*** Opening of Entries shown ***

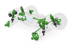 Maxx Ultimate otrzymał znaczące ulepszenia w kluczowych obszarach osiągów: zawieszeniu, podwoziu i układzie napędowym. Wytrzymałe podwozie i elementy zawieszenia wykonane z aluminium 6061-T6 zapewniają niesamowitą wytrzymałość i efektowny wygląd. Stalowe wały napędowe CV i stalowe koła zębate Mod-1 zapewniają maksymalną wytrzymałość i odporność na moment obrotowy.
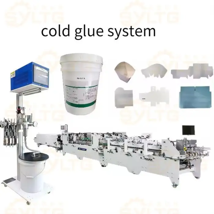 The Folder-Gluer Intelligent Cold Glue System features advanced technology that allows for precise control over the gluing process, ensuring accuracy in both point and line spray applications.
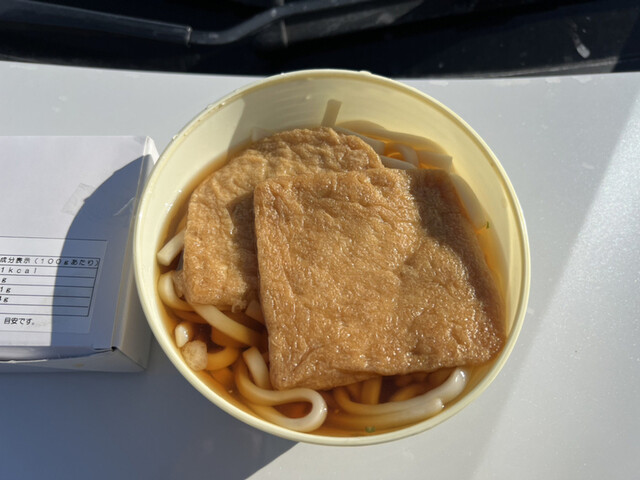 そして今回のお目当ての川鉄計量器製のうどん販売機。新潟にもあった富士電機製のものと違って、傾けて湯切りをするので、具が動がないため出来上がりがキレイです。麺はよくあるようなパサパサしたものではなくしっとりとした本格派でした、お揚げも2枚入っていて甘辛くて美味しいです。揚げの下にかまぼこが2枚入ってました。後で知ったのですが、この自販機は山形県天童市のアメヤさんからお嫁入りしてきたものだそうです。
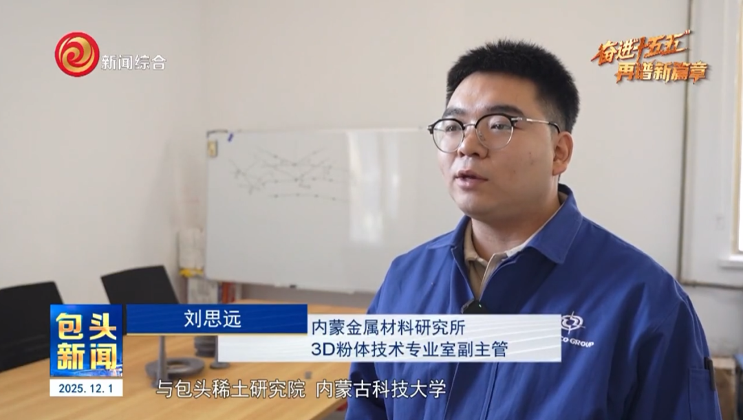 在内蒙金属材料研究所,科研人员正在对“稀土+”新型钛合金打印材料进行前期研发。今年8月底,这项技术在“蒙科聚”第57期专题发布会上首次亮相,因其突破传统增材制造关键瓶颈吸引了科研院所和稀土企业的关注。
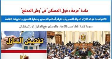 مادة "حرمة دخول المسكن" في "وش المدفع".. الاعتراضات تؤكد على التزام الدولة المصرية بإحترام أحكام الدستور وحماية الحقوق والحريات العامة.. وميوعة كلمة "خطر" سبب الأزمة.. والدستور منع الدخول إلا بإذن قضائى
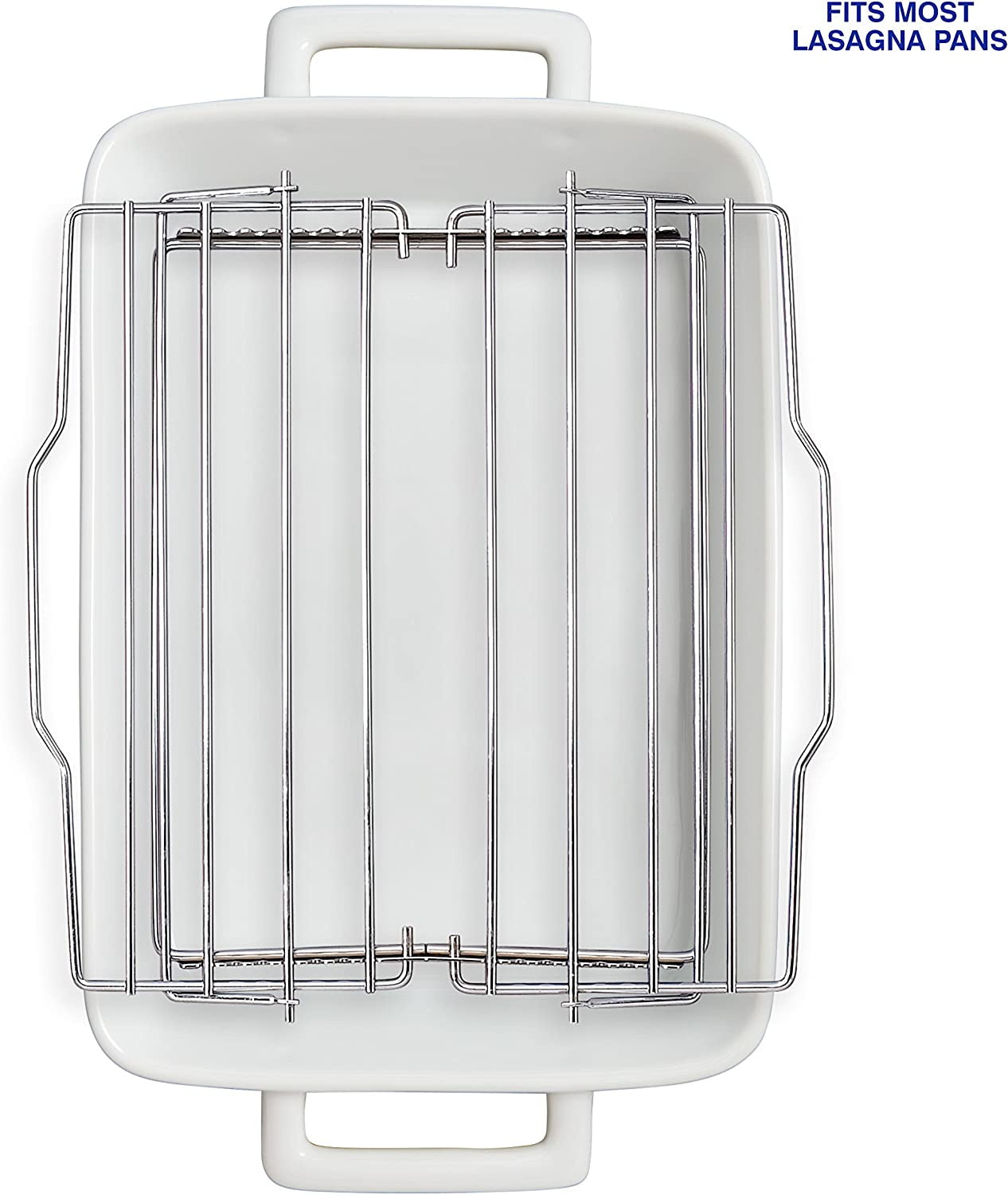 - Elevates foods above fat drippings and juices for better heat circulation. even baking. faster cooking times and all-over browning with less calories
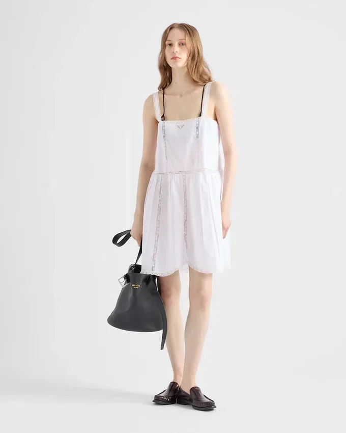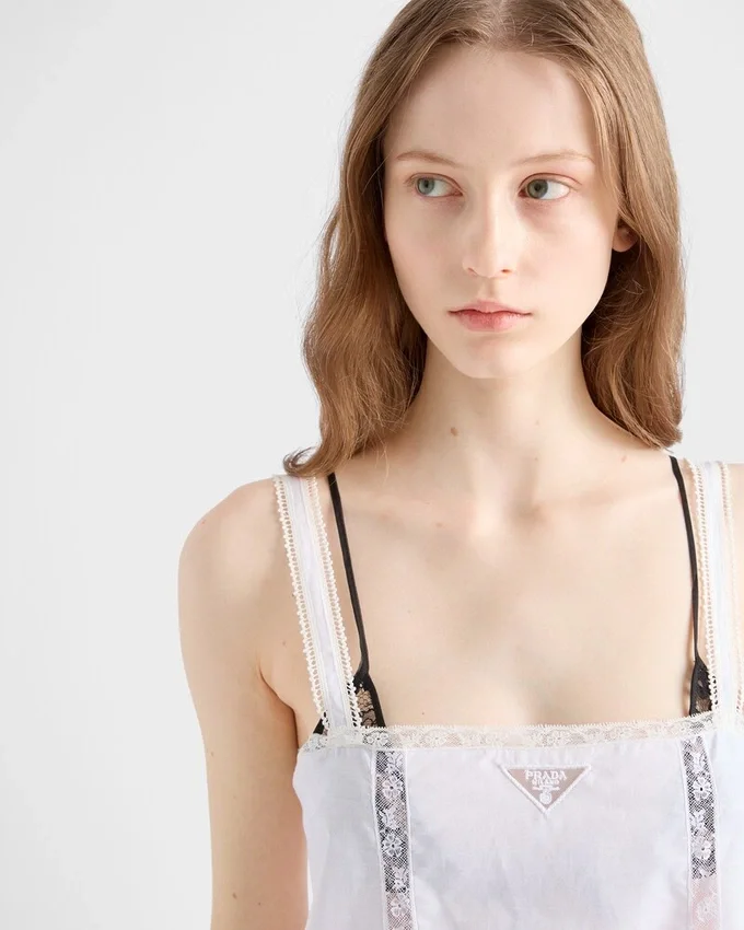 This Light, Delicate, Lingerie-Style Dress Combines Romantic Notes and Refined Vintage Details. The Airy Silhouette is Embellished with Lace Trim and the Iconic Geometric Shape of the Triangle Logo.
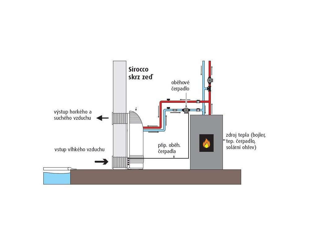 Odvlhčovač Sirocco Skrz Zeď 80, 3kW el. ohřev, 230V
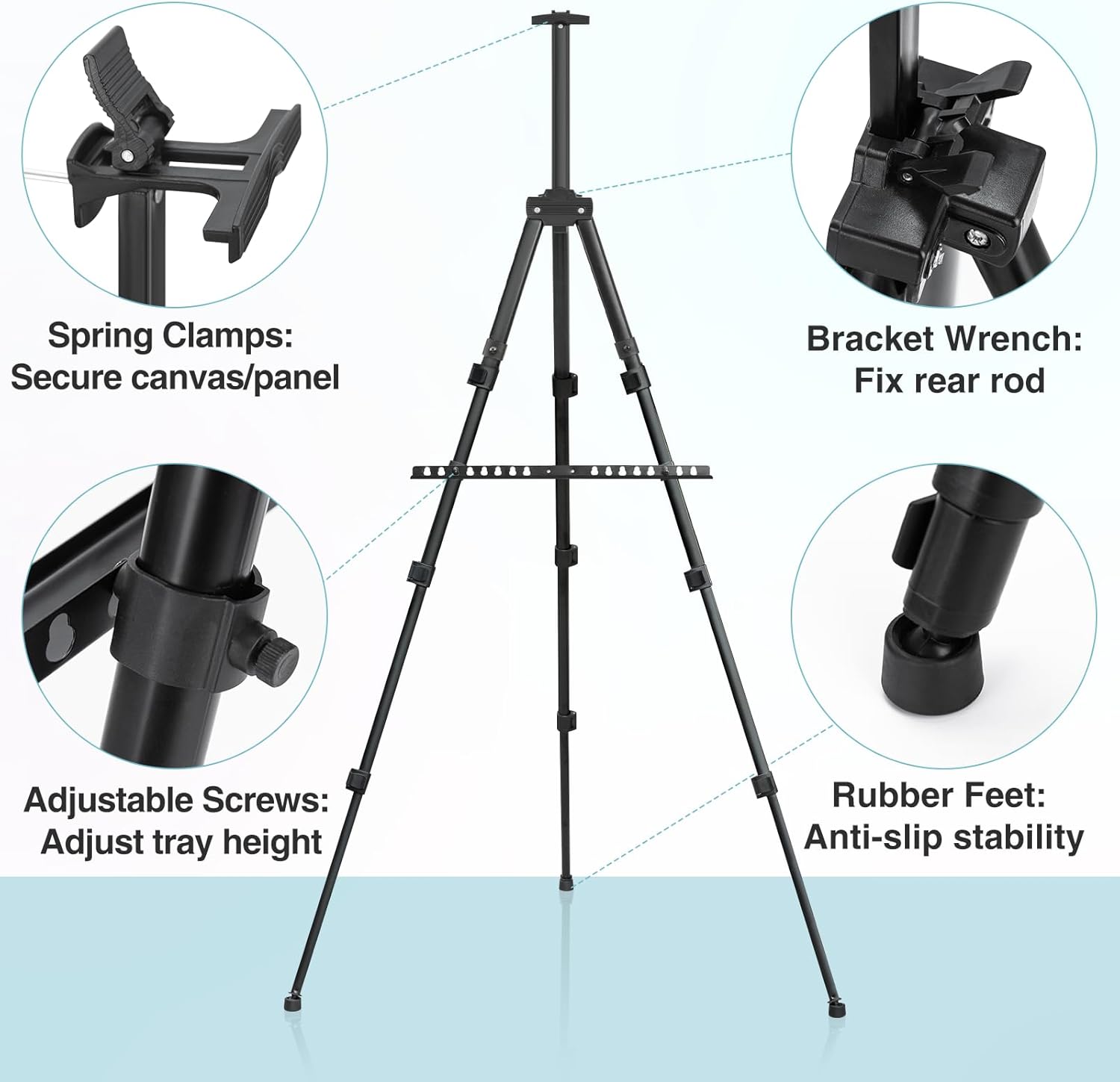 - 【Easy to Install】The artist easels for painting has telescopic and folding function, can be installed without additional tools, very convenient to use and store
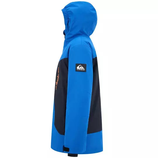 The kids' Quiksilver Logo Hit Jacket is crafted for snowboarders who want warmth, weather protection and standout style on the slopes. With 10K DryFlight waterproofing and WarmFlight Eco insulation, this kids' Quiksilver jacket keeps riders dry and warm through changing conditions. A fixed powder skirt and adjustable hood help block out snow, while mesh-lined underarm vents ensure airflow when activity ramps up. Multiple storage pockets offer room for snacks, goggles and other essentials, making it easy to stay prepared. With a sharp design and features built for performance, this Quiksilver winter jacket delivers everything young riders need for a full day of shredding.
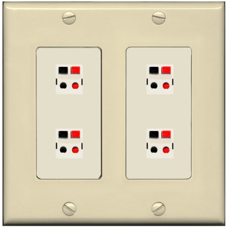 RiteAV 4 Port Speaker Wire Plug Jack Wall Plate - 2 Gang [Ivory/Light-Almond]
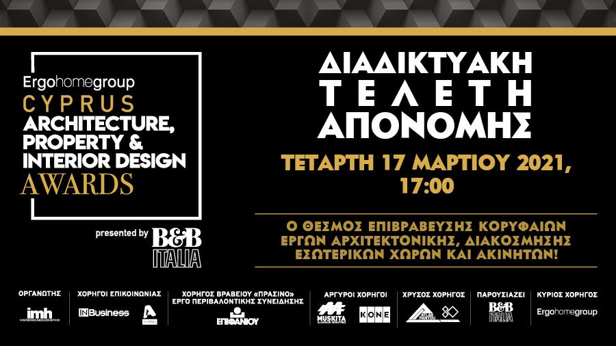 Ο νέος θεσμός «Cyprus Architecture, Property & Interior Design Awards», που πραγματοποιείται για πρώτη φορά στην Κύπρο από την IMH και το περιοδικό IN Business, με τη στήριξη της Ergo Home Group ετοιμάζεται για την ανακοίνωση των νικητών σε μια λαμπρή τελετή. Η τελετή βράβευσης θα πραγματοποιηθεί διαδικτυακά την Τετάρτη 17 Μαρτίου 2021, στις 17:00.

*** Close of Entries shown ***

Task description
A clean copy is needed of the lines above from the one with "そして今回のお目当ての川鉄計" up to and including the one with "在内蒙金属材料研究所,科研人". Please set it down exactly, with no pictures.

Answer space
 そして今回のお目当ての川鉄計量器製のうどん販売機。新潟にもあった富士電機製のものと違って、傾けて湯切りをするので、具が動がないため出来上がりがキレイです。麺はよくあるようなパサパサしたものではなくしっとりとした本格派でした、お揚げも2枚入っていて甘辛くて美味しいです。揚げの下にかまぼこが2枚入ってました。後で知ったのですが、この自販機は山形県天童市のアメヤさんからお嫁入りしてきたものだそうです。
 在内蒙金属材料研究所,科研人员正在对“稀土+”新型钛合金打印材料进行前期研发。今年8月底,这项技术在“蒙科聚”第57期专题发布会上首次亮相,因其突破传统增材制造关键瓶颈吸引了科研院所和稀土企业的关注。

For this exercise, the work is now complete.